Government air quality monitoring stations may be inadequate to detect some important sources of air pollution, according to a new study. But the study also suggests that the solution to this problem may already be growing all around us.
The trouble arises because existing air pollution monitors are spread too thin to capture local concentrations of air pollutants that don’t travel very far from their source. But government agencies can’t afford to deploy the number of these devices that would be necessary for fine-scale monitoring.
The city of Portland, Oregon, for example, knew it had a cadmium problem. The Oregon Department of Environmental Quality (DEQ) had calculated that the level of cadmium in the city’s air was expected to be 0.00033 micrograms per cubic meter. But DEQ air quality monitoring stations measured levels of the heavy metal, which has been linked to cancers, kidney disease, and learning difficulties in children, at 0.0026 micrograms per cubic meter. Where was the excess cadmium coming from?
The agency suspected it might be released from businesses that do electroplating or manufacture stained glass, but lacked the resources to find out for sure.
So researchers from the US Forest Service turned to an unlikely, inconspicuous, and cheap ally for help: moss.

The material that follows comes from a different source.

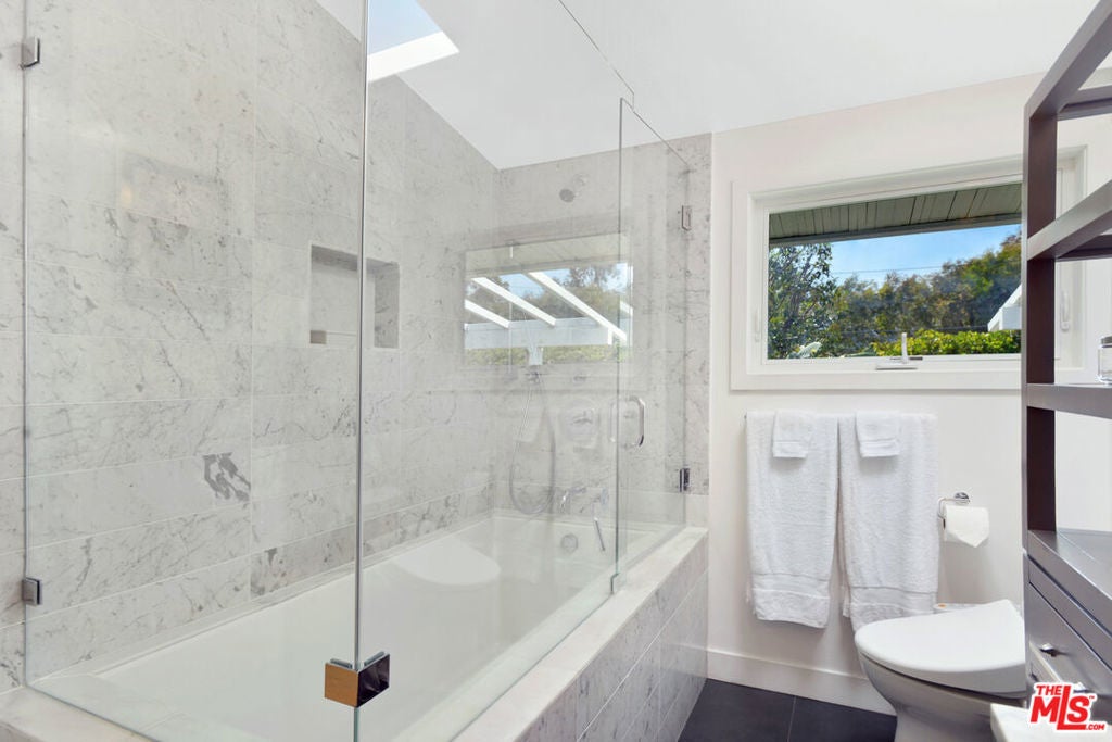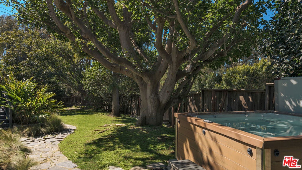 The perfect house for entertaining, this gated, updated, immaculate single-level Point Dume lease has high ceilings, hardwood floors, great flow, attractive contemporary furnishings, and loads of light, plus lots of decks, patio, and garden space for dining and entertaining. Spacious great room includes family room with FP, skylights, built-in bookshelves, flat-screen TV, dining area, island kitchen, and windows onto the backyard. Other side of two-way FP is a formal seating area, with windows and doors onto large wood deck, and guest suite off kitchen with doors to backyard. Other end of the house, two steps lead up to three add'l bedrooms, each with a deck, including master, with large wood deck, flat-screen TV, spa-like bath. Verdant, peaceful, manicured grounds with large trees, grassy lawn, new pool, flagstone patio with bbq, fire pit sitting area, trampoline, & hot tub. Two-car garage & ample guest parking space. Riviera II beach key to Little Dume included. Available summer 2026; June-August 20th.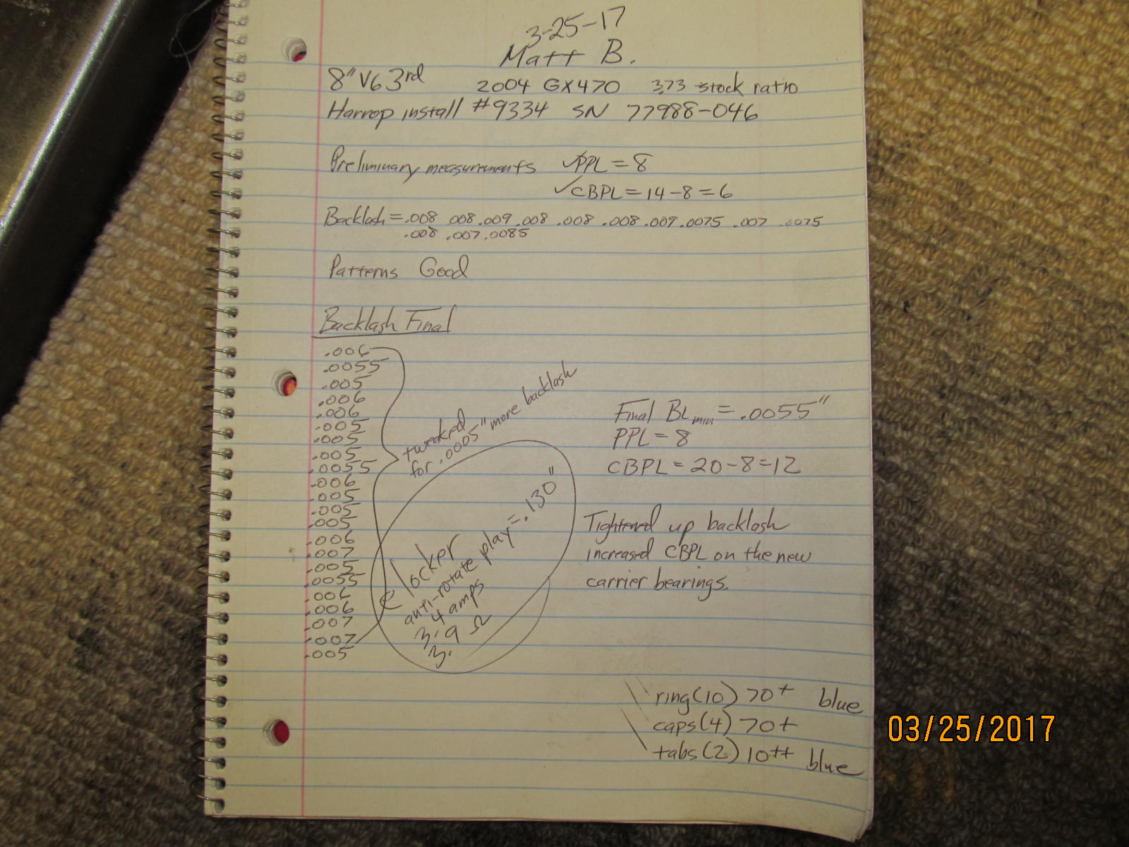 Matt just happened to have some business in the Phoenix area so he dropped off the 8" 3rd to me. Characterizing the parameters like backlash and bearing preloads and checking the general health of the diff is what is happening right now. |

The researchers gathered 346 samples of Orthotrichum lyellii, a lush, cushiony moss that is common on the trunks of hardwood trees in Portland, from locations around the city. Back in the lab, they analyzed the concentrations of cadmium, arsenic, and selenium in the moss samples.
Researchers in Sweden first had the idea to use moss as a bio-indicator of air pollution in the late 1960s. Mosses are good for this purpose because they get everything they need to live — all their nutrients, all their water — from the air.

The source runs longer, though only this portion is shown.